*Records shown*.
○ ○ ○ ○ ○ ○ ○

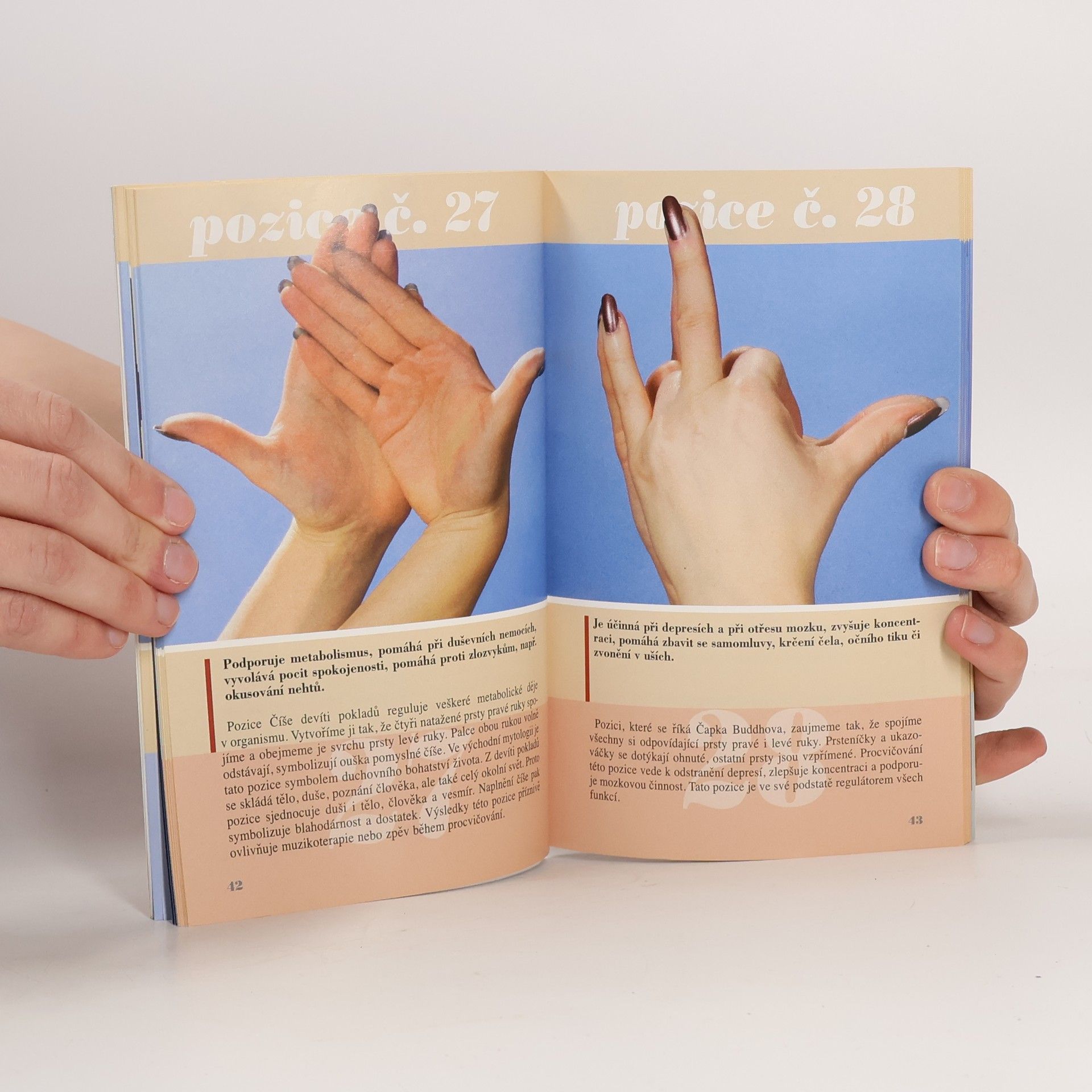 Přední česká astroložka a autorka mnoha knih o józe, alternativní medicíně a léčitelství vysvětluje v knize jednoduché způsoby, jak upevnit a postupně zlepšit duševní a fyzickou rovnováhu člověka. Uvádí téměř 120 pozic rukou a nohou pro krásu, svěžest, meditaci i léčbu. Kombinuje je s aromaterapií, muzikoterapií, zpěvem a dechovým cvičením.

○ ○ ○ ○ ○ ○ ○

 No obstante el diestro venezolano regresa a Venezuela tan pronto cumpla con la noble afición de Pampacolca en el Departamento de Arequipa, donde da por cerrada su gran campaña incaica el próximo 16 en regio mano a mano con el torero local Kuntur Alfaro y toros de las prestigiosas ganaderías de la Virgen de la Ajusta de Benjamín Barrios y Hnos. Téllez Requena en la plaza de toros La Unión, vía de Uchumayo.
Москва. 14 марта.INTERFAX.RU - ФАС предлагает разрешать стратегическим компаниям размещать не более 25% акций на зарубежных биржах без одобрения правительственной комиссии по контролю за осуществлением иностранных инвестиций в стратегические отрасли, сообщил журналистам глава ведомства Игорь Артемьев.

○ ○ ○ ○ ○ ○ ○

*What to work on*.
With the line that has "No obstante el" as the first and the line that has "Москва. 14 марта.INTERFAX.RU" as the last, repeat exactly that run of lines above and no more.

*Answer space*.
 No obstante el diestro venezolano regresa a Venezuela tan pronto cumpla con la noble afición de Pampacolca en el Departamento de Arequipa, donde da por cerrada su gran campaña incaica el próximo 16 en regio mano a mano con el torero local Kuntur Alfaro y toros de las prestigiosas ganaderías de la Virgen de la Ajusta de Benjamín Barrios y Hnos. Téllez Requena en la plaza de toros La Unión, vía de Uchumayo.
Москва. 14 марта.INTERFAX.RU - ФАС предлагает разрешать стратегическим компаниям размещать не более 25% акций на зарубежных биржах без одобрения правительственной комиссии по контролю за осуществлением иностранных инвестиций в стратегические отрасли, сообщил журналистам глава ведомства Игорь Артемьев.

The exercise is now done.